- Genre: Variety
- Original language: English
- No. of seasons: 3
- No. of episodes: 16

Production
- Executive producers: Joan Shigekawa Ronnie Eldridge
- Producers: Susan Lester Candida Harper Joan Fiore Jacqueline Donnet Janis Klein
- Production location: United States

Original release
- Network: WNET KERA-TV (pilot)
- Release: 1974 – 1977

= Woman Alive! =

US television show

Woman Alive! was a feminist television show resulting from a collaboration between Ms. Magazine and American public television. It consisted of one pilot episode (1974) and two series (1975 and 1977).

== Background ==

In 1974, Ms. Magazine decided that it could reach an even wider audience if they produced a television program. The show was to celebrate women's empowerment by exploring a variety of subjects, including women in politics and sports, job discrimination, and gender differences. The format of the show was meant to mimic a magazine, and featured short documentaries, usually made by independent, women film makers, mixed with short commentaries by and about women, as well as entertainment features of women in the performing arts.

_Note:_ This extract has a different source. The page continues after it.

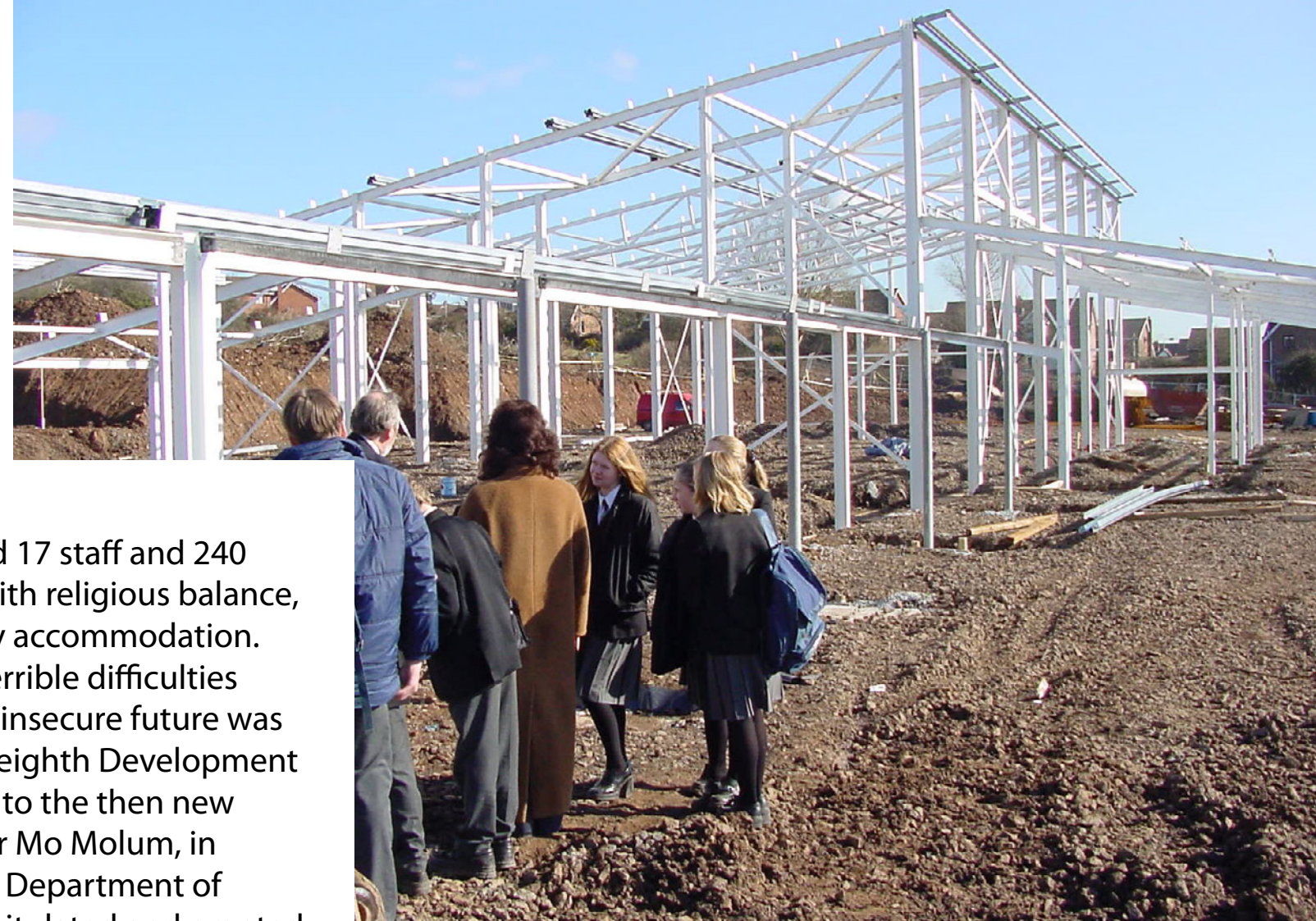
Building of the current 'core' block at Ulidia in Carrickfergus

During its time in the wilderness as an independently funded college Ulidia had to suffer three petrol bomb attacks and numerous sectarian incidents directed toward the students. It also experienced two arson attacks, once of which destroyed our library.

Ms. collaborated with Dallas' public broadcast station, KERA-TV, to create one pilot episode of Woman Alive!, and went on to collaborate with New York City's public broadcast station, Channel 13, for the following two series produced in 1975 and 1977. All iterations of the show were made possible through a grant from the Corporation for Public Funding.

== Pilot episode ==
The initial episode of Woman Alive! was a one-hour special produced in cooperation with KERA-TV Dallas in 1974. The executive producer was Joan Shigekawa with associate producers Susan Lester and Candida Harper, and field producer Joan Fiore.

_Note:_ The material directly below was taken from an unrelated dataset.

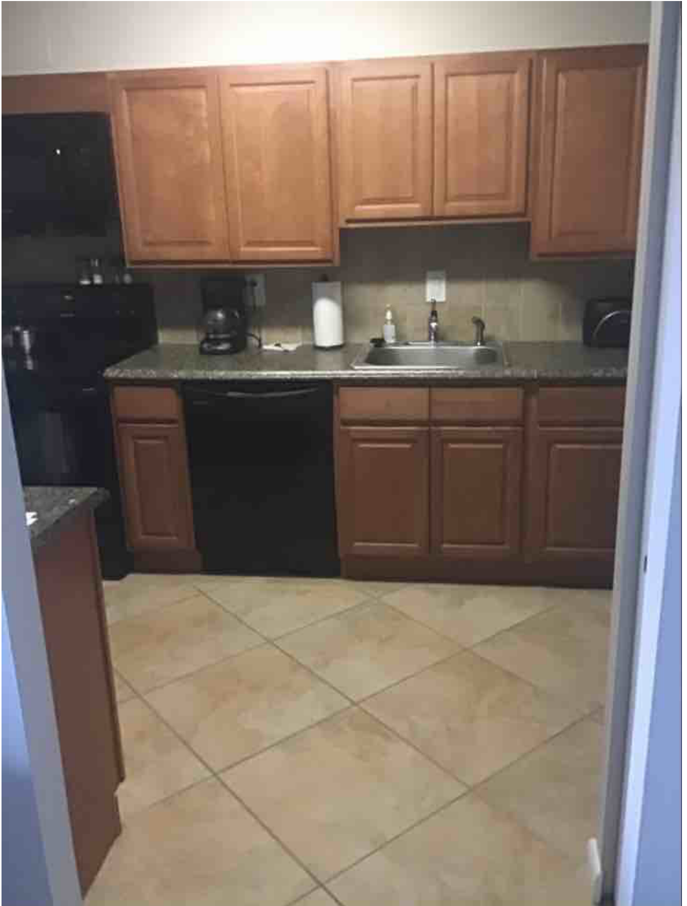
Amenity Name: Forest View Amenity Rate: 15.00 Amenity Note:

The pilot episode consisted of several short documentaries, comedy sketches, interviews, and entertainment pieces, including: A short documentary about Pat and Charles Sackrey, Texas natives interviewed at their new home in Haydenville, Massachusetts about their attempt to improve their relationship; A consciousness-raising group in Des Moines, Iowa, which included Louise Noun; An interview with Gloria Steinem at the offices of Ms. Magazine; A round-table discussion amongst members of the National Black Feminist Organization, narrated by Steinem, about their historic first convention; A satirical comedy sketch by feminist comedian Lily Tomlin wherein she plays a television psychologist addressing the case of a distraught husband; and Melissa Manchester performing the songs "Home to Myself" and "O Heaven."

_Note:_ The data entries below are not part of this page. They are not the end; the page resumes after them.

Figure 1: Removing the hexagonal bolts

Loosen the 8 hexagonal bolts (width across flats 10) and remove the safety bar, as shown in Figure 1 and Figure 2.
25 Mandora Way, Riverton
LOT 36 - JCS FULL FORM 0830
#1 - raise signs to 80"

The pilot featured working-class women, such as Crystal Lee Jordan [Sutton], and Black women, as it tried to dispel the media representation of the women's movement as white and elitist. One leader of the National Black Feminist Organization criticized the show for marginalizing Black women. Sandra Hollin Flowers wrote that the central episodes—Massachusetts and North Carolina—did not include the “broader representation of that ‘diversity’ we were supposed to have seen.” And the NBFO segment was “totally insufficient”: “There is a great deal more relevance to NBFO … than Woman Alive! indicated.”

== 1975 series ==
In 1975, Woman Alive! moved to WNET in New York and became a realized television series with ten thirty-minute episodes. The executive producer was Ronnie Eldridge, the producer was Joan Shigekawa, the coordinating producer was Jacqueline Donnet, and the associate producer was Janis Klein.

The New York Times reviewed this series, remarking that it was not militantly feminist in nature but rather appealed to a broad audience of American women, and while the New York Times remarked that Woman Alive! was trite at times, it also praised the show for its "impressive level of effectiveness." The first episode of the 1975 series featured a short documentary called Army Wives: Change of Command, filmed by Patricia Sides at the Army base in Fort Sill, Oklahoma. The documentary explored the new consciousnesses of Army wives.

== 1977 series ==
In 1977 the show went back on the air in New York through WNET. This series consisted of five episodes, which were sixty-minutes long each. Joan Shigekawa served as both executive producer and producers, while Jacqueline Donnet was coordinating producer and Janis Klein was associate producer. This was the final series of the show, which then went off the air. In 1986, Joan Shigekawa gave the records of Woman Alive! to Schlesinger Library in Cambridge, Massachusetts.